▶ [Exercise aim]:
Print, exactly as they stand, the lines below from the one that has "The four Mirage" to the one that has "县政协调研南华山外围区域水源涵养林建设提升及生态修复工程", inclusive, leaving out the pictures.

▶ [Data section]:
╔══

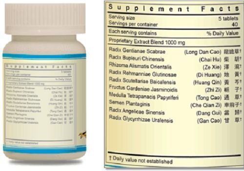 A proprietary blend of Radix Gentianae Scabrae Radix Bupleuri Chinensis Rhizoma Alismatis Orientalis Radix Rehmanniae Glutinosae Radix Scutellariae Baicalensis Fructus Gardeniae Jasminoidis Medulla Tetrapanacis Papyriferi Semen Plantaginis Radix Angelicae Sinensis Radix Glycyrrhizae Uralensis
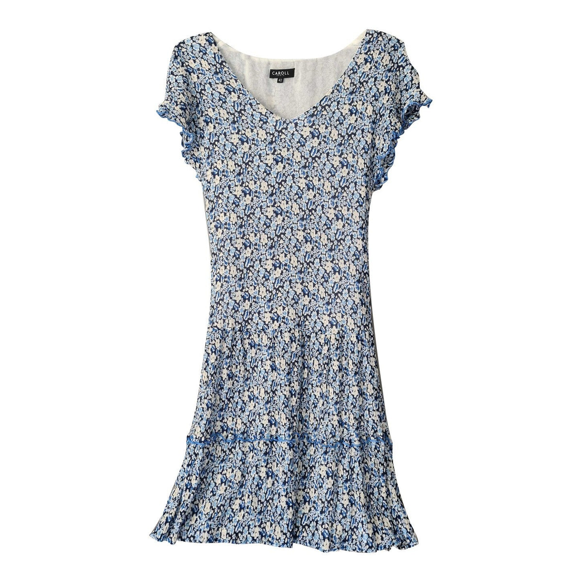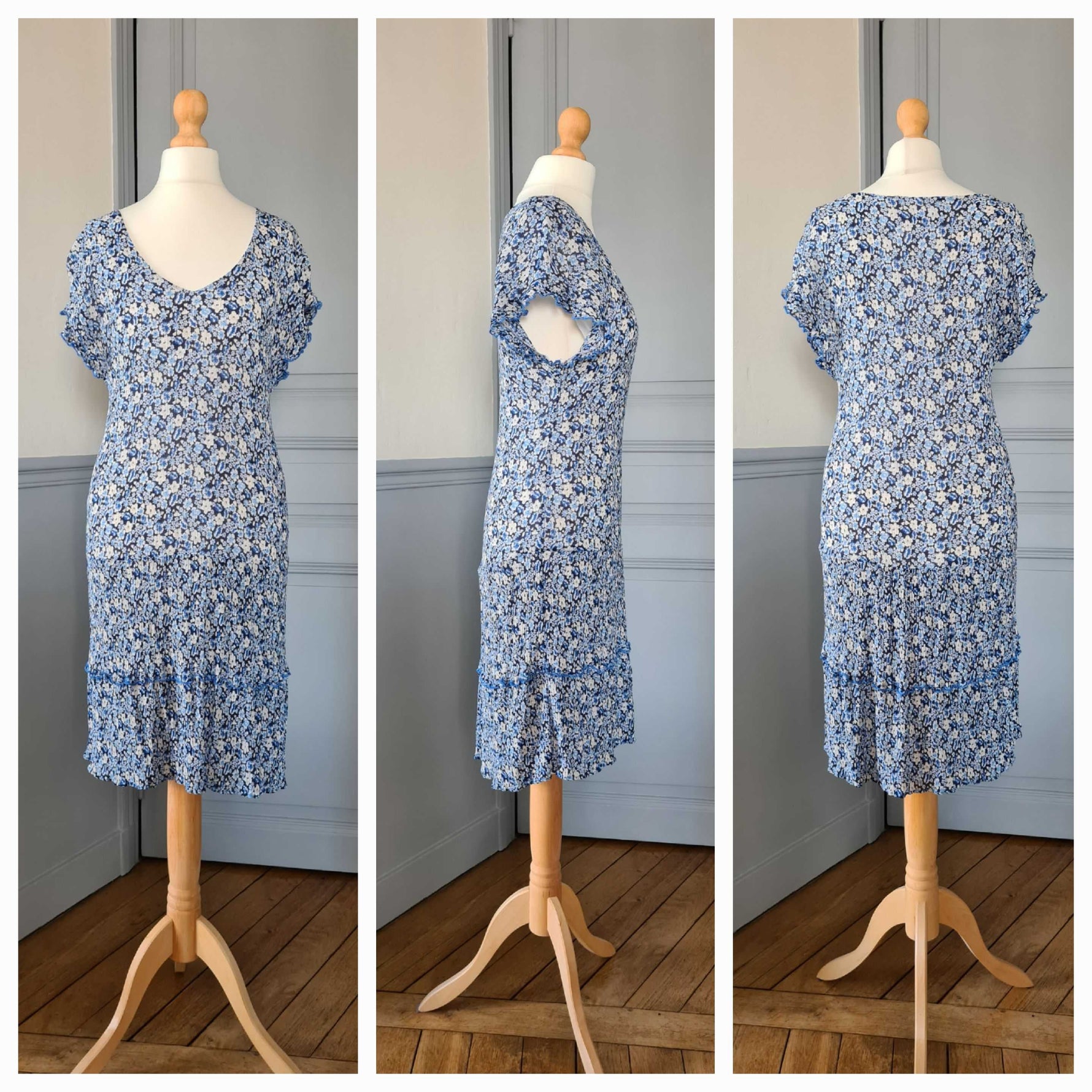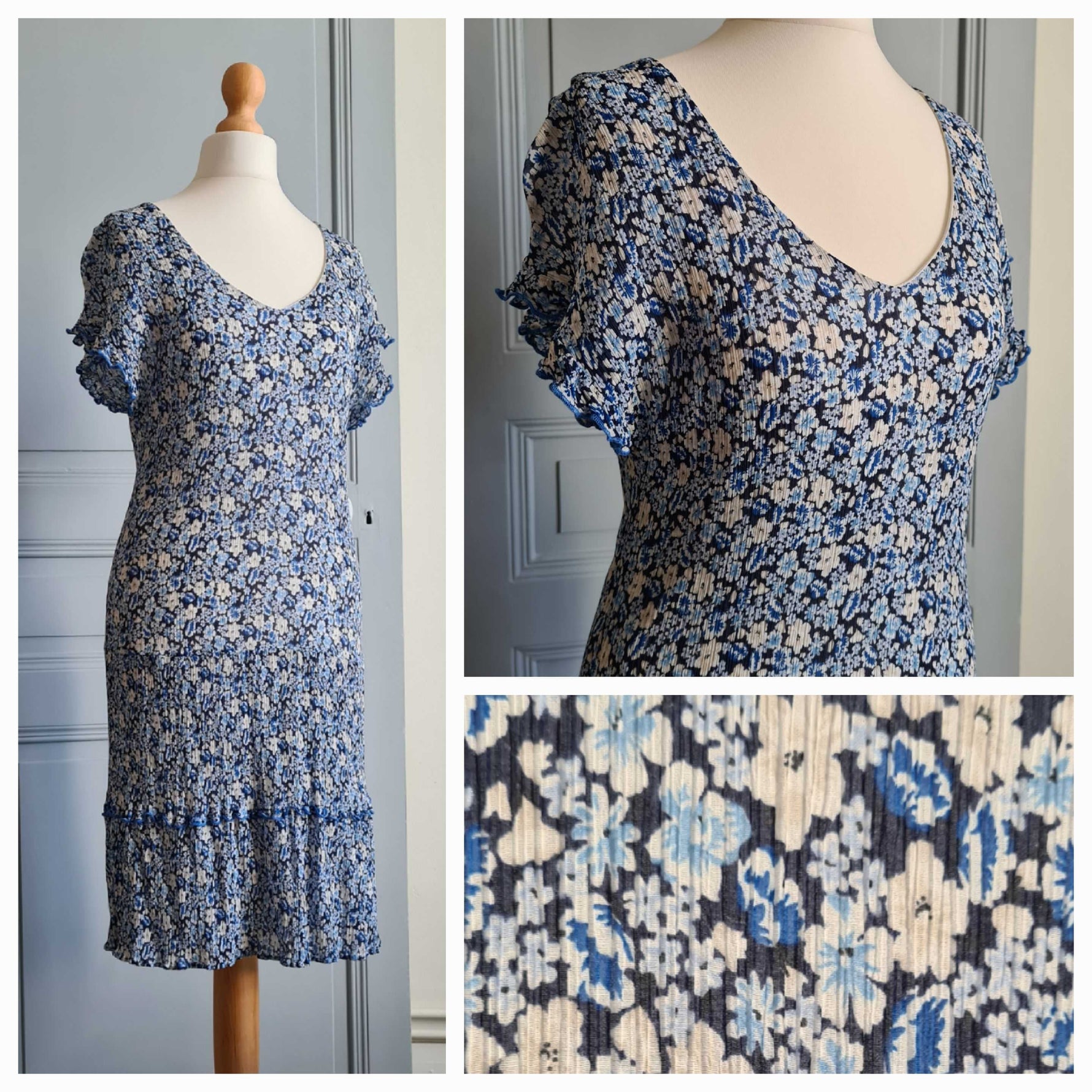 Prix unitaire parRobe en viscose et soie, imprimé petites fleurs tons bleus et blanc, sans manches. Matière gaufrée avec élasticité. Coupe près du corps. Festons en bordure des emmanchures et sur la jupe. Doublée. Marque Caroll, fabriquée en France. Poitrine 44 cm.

╚══
╔══

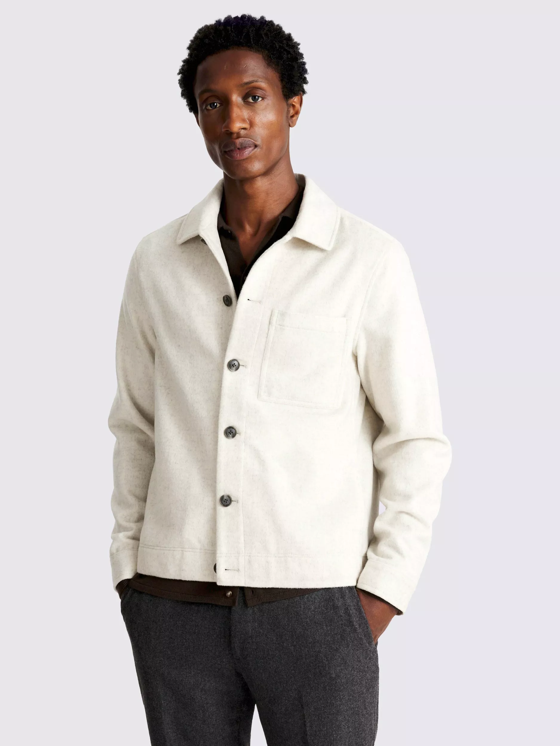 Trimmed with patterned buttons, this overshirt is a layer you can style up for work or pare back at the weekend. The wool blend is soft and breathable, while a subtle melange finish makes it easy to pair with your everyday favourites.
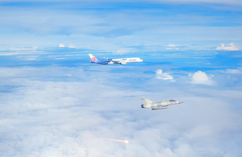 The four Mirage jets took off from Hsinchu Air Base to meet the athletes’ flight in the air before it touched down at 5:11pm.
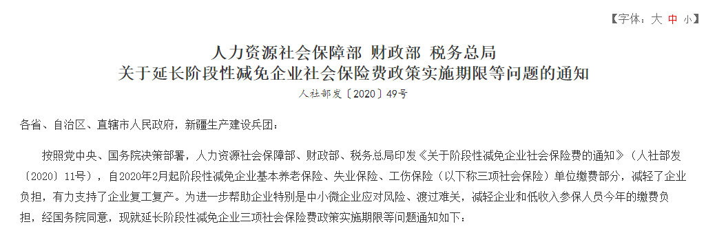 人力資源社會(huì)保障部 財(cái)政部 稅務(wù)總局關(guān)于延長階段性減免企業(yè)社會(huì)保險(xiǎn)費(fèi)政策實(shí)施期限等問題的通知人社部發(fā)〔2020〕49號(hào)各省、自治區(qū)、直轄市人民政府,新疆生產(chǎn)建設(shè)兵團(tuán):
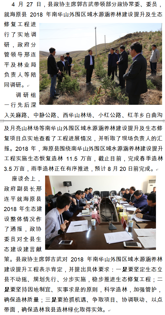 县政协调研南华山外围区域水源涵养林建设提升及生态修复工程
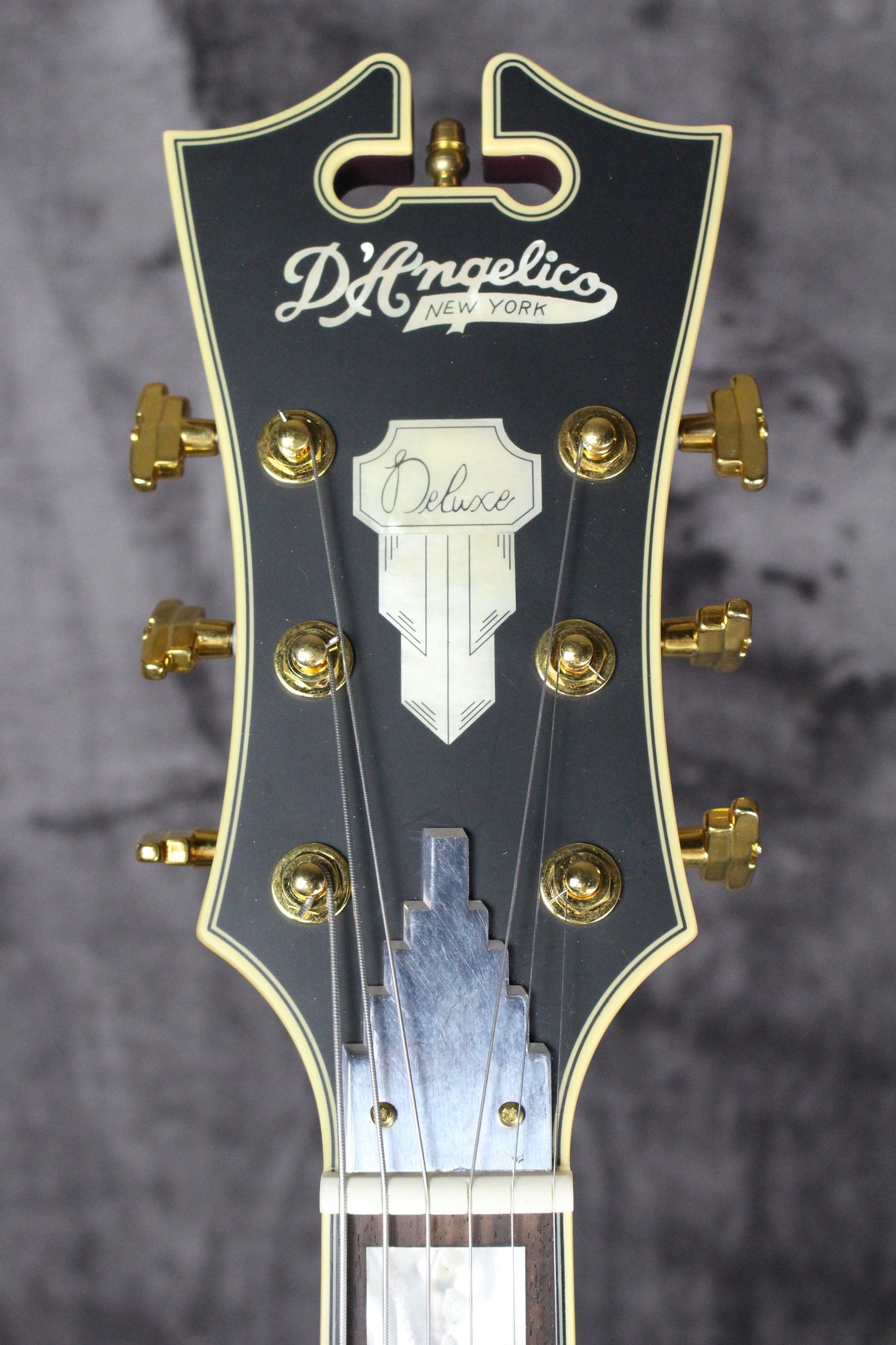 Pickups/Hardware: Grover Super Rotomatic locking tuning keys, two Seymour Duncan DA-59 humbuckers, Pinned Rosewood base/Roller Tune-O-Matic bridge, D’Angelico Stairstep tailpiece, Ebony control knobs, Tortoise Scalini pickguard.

╚══

▶ [Finished exercise]:
 The four Mirage jets took off from Hsinchu Air Base to meet the athletes’ flight in the air before it touched down at 5:11pm.
 人力資源社會(huì)保障部 財(cái)政部 稅務(wù)總局關(guān)于延長階段性減免企業(yè)社會(huì)保險(xiǎn)費(fèi)政策實(shí)施期限等問題的通知人社部發(fā)〔2020〕49號(hào)各省、自治區(qū)、直轄市人民政府,新疆生產(chǎn)建設(shè)兵團(tuán):
 县政协调研南华山外围区域水源涵养林建设提升及生态修复工程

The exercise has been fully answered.